We are really going after the problem using the same techniques that we have used since the 1980s, when a lot of the innovations that we are still using today were established.

Mounk: Tell us about what these techniques are. One idea that often comes up is neurons and neural networks. I can understand what a neural network might be in my brain. I am far from being a neuroscientist, but I understand that a neuron is a kind of cell, unless I am getting that badly wrong. My brain is a kind of neural network. All of these cells are connected in some complicated way. What does it mean for an AI to have neurons or be a neural network?

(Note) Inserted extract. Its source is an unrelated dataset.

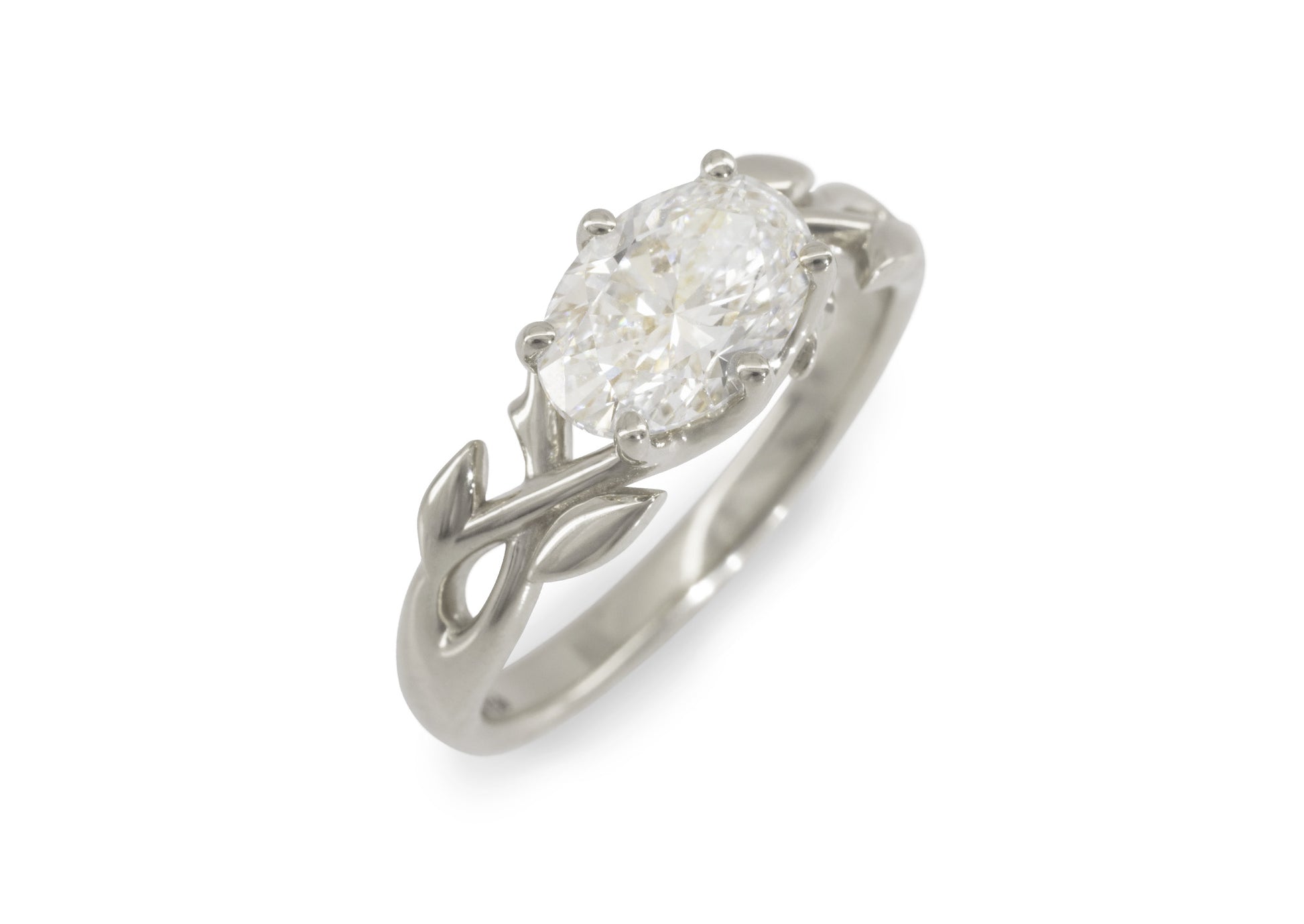 A white gold or platinum engagement ring featuring a 2-carat oval faceted lab-grown diamond set in an east–west orientation. Leaf and vine details complete the design, which pairs with the matching J3339 Vine Wedding Band.

Bau: There is a popular term that you will see sometimes called a deep neural network. What makes a neural network interesting is its depth. A neural network is inspired by the architecture of the human brain. All it does is compute a bunch of numbers. The input comes into the neural network as words or as images, and the first thing you do is convert it to a bunch of numbers and feed each number into a neuron.

Then you connect the neurons so that they pass the numbers from one to the other. If a neuron has a bunch of inputs, it adds the numbers together, does a small bit of computation, and then creates another number that feeds onto the next layer.

Neural networks are just this big mess of neurons connected to one another to produce some output that you hope is useful. If you just created a random neural network, it probably would not do anything useful, but it would do something with your data. The trick for artificial intelligence, the trick for machine learning, is to train the neural network to strengthen and weaken all of the connections between the neurons, transforming a random machine, a random function, into something that does something useful. It is the training process that makes a neural network seem almost magical.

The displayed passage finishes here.